It seems like social media, pandemics, and modern life have made us isolated people, more alienated from each other than ever, and enjoying mainly our own company. People’s conversation time has been declining for nearly thirty years, and even video calls cannot reverse the trend. It appears that communicating with other people is simply not appealing to more and more people. But considering the fact that we are growing increasingly narcissistic, this trend should not surprise us. In the future, we can expect it to continue, and even accelerate.
I, too, feel that I would rather stay in my room and spend my time the way I like to than to socialize with people who largely do not interest me. I have my books; I have science news and other news that I watch; and I have various other interests.
I can sympathize with people who feel they do not need other people to satisfy their social needs, since we are all becoming increasingly focused on ourselves. The need for reciprocity, for approval from society, is diminishing in many people.
However, it is not that people are becoming increasingly anti-social.
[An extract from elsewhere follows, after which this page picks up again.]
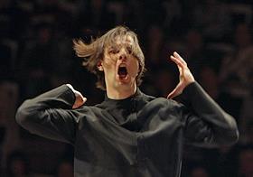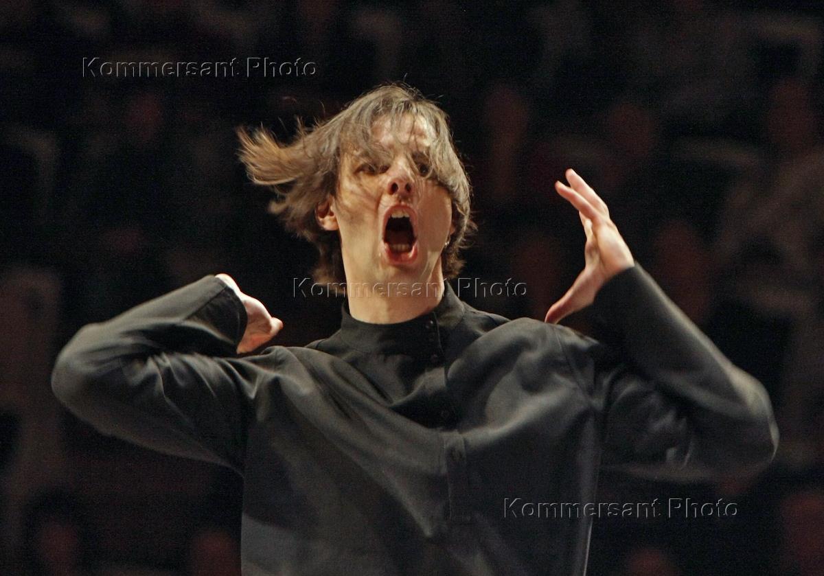 Дирижер Теодор Курентзис во время выступления с государственным симфоническим оркестром "Новая…

They are becoming increasingly fastidious, and do not want to waste their time or energy on futile connections that bring them no real benefit.
People are indifferent to other people because they are becoming more goal-oriented. They choose their goals in life and exert themselves to achieve them. This is a positive development that will lead people to pursue their life’s purpose.
As for me, despite my reclusive nature, my life’s purpose requires that I connect with as many people as possible, and on the deepest possible level: in my heart. To achieve my goal, I am willing to connect with any person and embrace any person. But were it not for my goal, I would still be happily secluded in my room as I was before I began to disseminate the wisdom of Kabbalah around the world, which is my life’s purpose and for which I will happily make any sacrifice.
And as I am, so are many other people becoming increasingly goal oriented. It is an evolution in humanity, and not regression. In the future, we will see more and more people connecting around common goals and avoiding casual interactions, which will seem pointless to them. They will be living on two levels: On the superficial level they will appear aloof or reserved, but on the deeper level they will be deeply connected to those who share their goals.